Support Questions

Find answers, ask questions, and share your expertise

Questions on data recovery/integrity after standalone NiFi instance crash

avatar
Expert Contributor

Hello,

I have couple of questions on data recovery/integrity after a standlaone NiFi instance crashes (and is subsequently restarted); I searched here in HCC about NiFi fault-tolerance, the few posts that I looked at talk about fault-tolerance and recovery in a cluster environment, but I'm interested in a standalone NiFi scenario.

In our case the standalone NiFi instance crashed because the Java heap ran out of space (but we do have enough heap space allocated); at the time of the crash one dataflow was running a real-time stream without any issues, but when a second dataflow, that had ListSFTP and FetchSFTP processors, started running (there is a known issue with running List and Fetch processors when there are lots of files to process - https://issues.apache.org/jira/browse/NIFI-3423), some of the NiFi processors in the first dataflow started to throw out-of-memory errors and the ListenTCP processor stopped ingesting new flowfiles from the source system; and, on the server the Java process CPU utilization was something like 250%; at that point, we stopped both dataflows (the NiFi canvas was still accessible, it did not crash) and restarted the NiFi instance; after that, we resumed the first dataflow and all was fine;

Since NiFi writes flowfile content to content repository and keeps attributes and state info in the flowfile repository, no data should have been lost or corrupted when NiFi instance crashed. Just wanted to clarify if my understanding in this scenario (no loss of data or integrity issues) is correct.

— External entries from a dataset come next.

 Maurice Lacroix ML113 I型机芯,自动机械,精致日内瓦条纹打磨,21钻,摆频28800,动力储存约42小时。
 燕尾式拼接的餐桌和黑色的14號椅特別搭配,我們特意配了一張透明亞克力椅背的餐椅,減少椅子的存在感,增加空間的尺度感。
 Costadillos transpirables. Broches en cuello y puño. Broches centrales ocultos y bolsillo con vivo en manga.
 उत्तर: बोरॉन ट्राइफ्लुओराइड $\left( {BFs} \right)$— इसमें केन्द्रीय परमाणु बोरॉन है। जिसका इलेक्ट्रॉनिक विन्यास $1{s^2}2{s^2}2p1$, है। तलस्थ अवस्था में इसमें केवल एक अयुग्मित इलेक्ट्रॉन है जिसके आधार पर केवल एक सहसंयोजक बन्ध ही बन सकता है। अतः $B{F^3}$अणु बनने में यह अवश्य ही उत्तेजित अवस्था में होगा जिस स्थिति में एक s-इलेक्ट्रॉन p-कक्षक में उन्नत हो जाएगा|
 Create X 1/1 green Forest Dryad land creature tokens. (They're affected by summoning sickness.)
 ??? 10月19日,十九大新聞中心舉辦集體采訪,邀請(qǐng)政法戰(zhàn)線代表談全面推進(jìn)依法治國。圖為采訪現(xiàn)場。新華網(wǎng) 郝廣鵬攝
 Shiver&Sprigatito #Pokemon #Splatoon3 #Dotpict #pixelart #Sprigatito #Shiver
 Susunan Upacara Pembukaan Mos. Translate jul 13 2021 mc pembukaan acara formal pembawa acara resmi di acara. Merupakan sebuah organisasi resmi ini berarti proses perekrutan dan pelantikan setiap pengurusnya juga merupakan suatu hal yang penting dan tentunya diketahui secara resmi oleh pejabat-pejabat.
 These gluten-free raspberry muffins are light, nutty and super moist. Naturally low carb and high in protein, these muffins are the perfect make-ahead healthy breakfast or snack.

2nd question is, during a planned server reboot, if we stop a dataflow when there is data in transit in the dataflow (i.e. some flowfiles are in queues between processors, some flowfiles are being processed by NiFi processors, e.g. replacetext), then restart the NiFi instance and resume the stopped dataflow, would NiFi pickup where it was left off? i.e, flowfiles that were in the middle of being processed (just prior to the dataflow being stopped) resume their processing from where they were left off? my understanding is yes, that's how NiFi works, the fault tolerance built into NiFi takes care of that. Would like to know if that is correct ?

Thanks in advance.

1 ACCEPTED SOLUTION

avatar
Master Guru

I believe your understanding is correct...

The flow file repository is like a transaction log that provides the state of where every flow file is in the flow. The session object provided to processors lets them perform a transaction.

For processors in the middle of the flow, they have a queue leading into them... when they execute they take 1 or more flow files off the queue, operate on them, and transfer them to a relationship. If everything worked successfully then session.commit() is called which updates the flow file repository and places these flow files into their next queue. If an error happened then the session is rollbacked and the flow files end up back in the original queue. If NiFi shuts down or crashes while the processor is operating on flow files but before session.commit, then they end up back in the original queue like any other error.

For source or destination processors, a lot of depends on the source or destination system and what protocol is being used to exchange data. NiFi can only provide guarantees that are as good as the protocol provides. For example, in the ListenTCP case, if NiFi crashes at the exact moment that it has read a message off the socket, but before it has written to a flow file, then this message is lost because as far as the TCP connection is concerned it was successful. This is why application protocols like RELP were built on top of TCP to offer two-phase commits so that the receiver can acknowledge that not only did it read it off the socket, but it also performed any additional operations successfully.

View solution in original post

2 REPLIES 2

avatar
Master Guru

I believe your understanding is correct...

The flow file repository is like a transaction log that provides the state of where every flow file is in the flow. The session object provided to processors lets them perform a transaction.

For processors in the middle of the flow, they have a queue leading into them... when they execute they take 1 or more flow files off the queue, operate on them, and transfer them to a relationship. If everything worked successfully then session.commit() is called which updates the flow file repository and places these flow files into their next queue. If an error happened then the session is rollbacked and the flow files end up back in the original queue. If NiFi shuts down or crashes while the processor is operating on flow files but before session.commit, then they end up back in the original queue like any other error.

For source or destination processors, a lot of depends on the source or destination system and what protocol is being used to exchange data. NiFi can only provide guarantees that are as good as the protocol provides. For example, in the ListenTCP case, if NiFi crashes at the exact moment that it has read a message off the socket, but before it has written to a flow file, then this message is lost because as far as the TCP connection is concerned it was successful. This is why application protocols like RELP were built on top of TCP to offer two-phase commits so that the receiver can acknowledge that not only did it read it off the socket, but it also performed any additional operations successfully.

avatar
Expert Contributor

thank you @Bryan Bende, for the explanation and for clarifying.